RECORDS SHOWN:
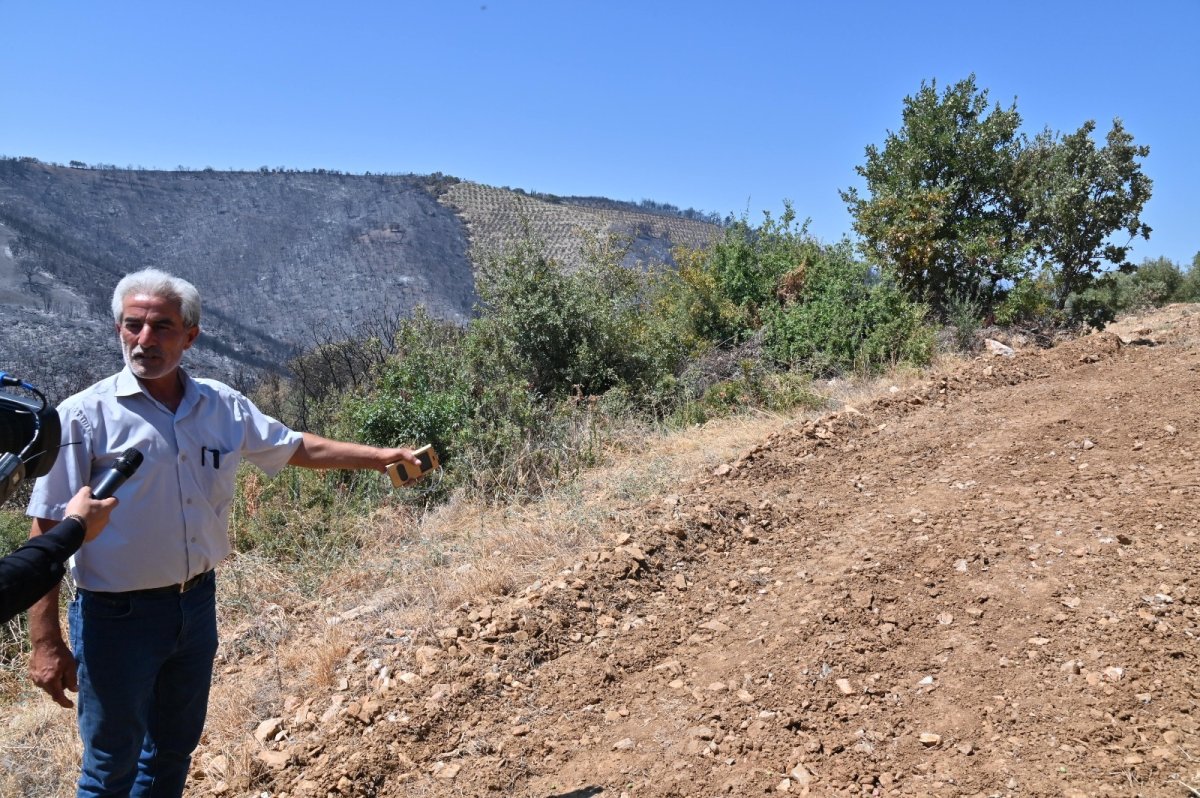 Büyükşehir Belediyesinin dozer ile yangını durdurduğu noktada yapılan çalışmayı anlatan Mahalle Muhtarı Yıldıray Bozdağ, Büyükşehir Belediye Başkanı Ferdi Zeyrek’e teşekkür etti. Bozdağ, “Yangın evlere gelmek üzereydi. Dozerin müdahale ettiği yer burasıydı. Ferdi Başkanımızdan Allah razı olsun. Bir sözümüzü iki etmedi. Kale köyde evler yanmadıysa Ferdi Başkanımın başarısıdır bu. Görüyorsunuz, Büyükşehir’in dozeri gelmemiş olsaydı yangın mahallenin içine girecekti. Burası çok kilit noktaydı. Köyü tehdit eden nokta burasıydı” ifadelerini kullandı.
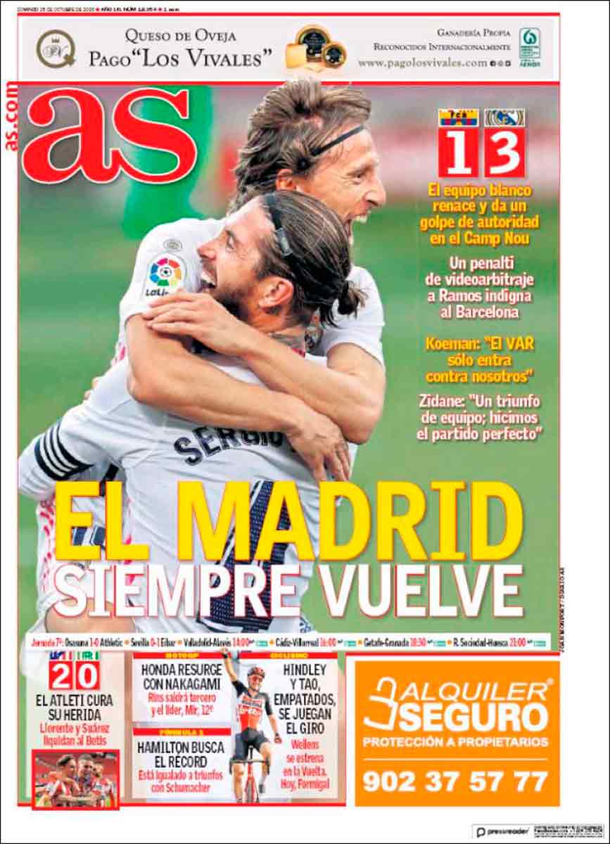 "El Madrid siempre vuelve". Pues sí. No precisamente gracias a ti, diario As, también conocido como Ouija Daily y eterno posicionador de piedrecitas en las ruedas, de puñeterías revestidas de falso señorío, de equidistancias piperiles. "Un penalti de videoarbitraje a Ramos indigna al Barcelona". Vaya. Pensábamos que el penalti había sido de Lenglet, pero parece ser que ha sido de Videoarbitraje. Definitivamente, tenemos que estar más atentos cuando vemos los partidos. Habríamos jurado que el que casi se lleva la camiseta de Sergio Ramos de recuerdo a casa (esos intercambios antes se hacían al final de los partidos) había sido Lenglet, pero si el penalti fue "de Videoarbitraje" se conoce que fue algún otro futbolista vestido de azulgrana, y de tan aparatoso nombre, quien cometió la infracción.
* * *
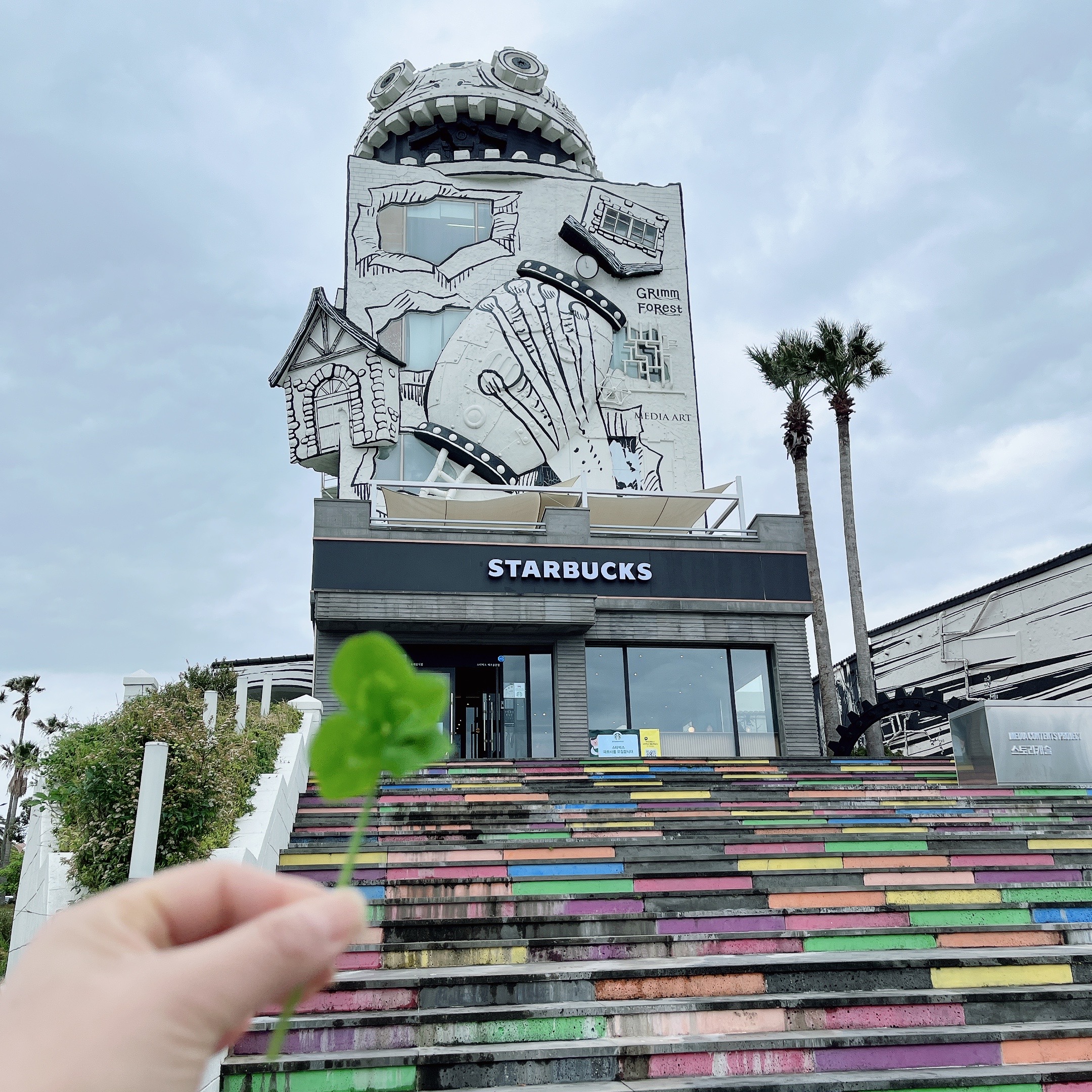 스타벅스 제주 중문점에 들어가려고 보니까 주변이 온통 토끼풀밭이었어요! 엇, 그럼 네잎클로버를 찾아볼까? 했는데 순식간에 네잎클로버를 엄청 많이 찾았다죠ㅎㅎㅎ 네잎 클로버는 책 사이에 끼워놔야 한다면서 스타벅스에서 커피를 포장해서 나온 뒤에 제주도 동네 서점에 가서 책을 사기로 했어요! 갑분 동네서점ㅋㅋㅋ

EXERCISE PROMPT: Going back to the data above, write out everything from the line with "Büyükşehir Belediyesinin dozer" down to the line with "cometió la infracción.", both included, leaving every picture out.

TASK RESULT:
 Büyükşehir Belediyesinin dozer ile yangını durdurduğu noktada yapılan çalışmayı anlatan Mahalle Muhtarı Yıldıray Bozdağ, Büyükşehir Belediye Başkanı Ferdi Zeyrek’e teşekkür etti. Bozdağ, “Yangın evlere gelmek üzereydi. Dozerin müdahale ettiği yer burasıydı. Ferdi Başkanımızdan Allah razı olsun. Bir sözümüzü iki etmedi. Kale köyde evler yanmadıysa Ferdi Başkanımın başarısıdır bu. Görüyorsunuz, Büyükşehir’in dozeri gelmemiş olsaydı yangın mahallenin içine girecekti. Burası çok kilit noktaydı. Köyü tehdit eden nokta burasıydı” ifadelerini kullandı.
 "El Madrid siempre vuelve". Pues sí. No precisamente gracias a ti, diario As, también conocido como Ouija Daily y eterno posicionador de piedrecitas en las ruedas, de puñeterías revestidas de falso señorío, de equidistancias piperiles. "Un penalti de videoarbitraje a Ramos indigna al Barcelona". Vaya. Pensábamos que el penalti había sido de Lenglet, pero parece ser que ha sido de Videoarbitraje. Definitivamente, tenemos que estar más atentos cuando vemos los partidos. Habríamos jurado que el que casi se lleva la camiseta de Sergio Ramos de recuerdo a casa (esos intercambios antes se hacían al final de los partidos) había sido Lenglet, pero si el penalti fue "de Videoarbitraje" se conoce que fue algún otro futbolista vestido de azulgrana, y de tan aparatoso nombre, quien cometió la infracción.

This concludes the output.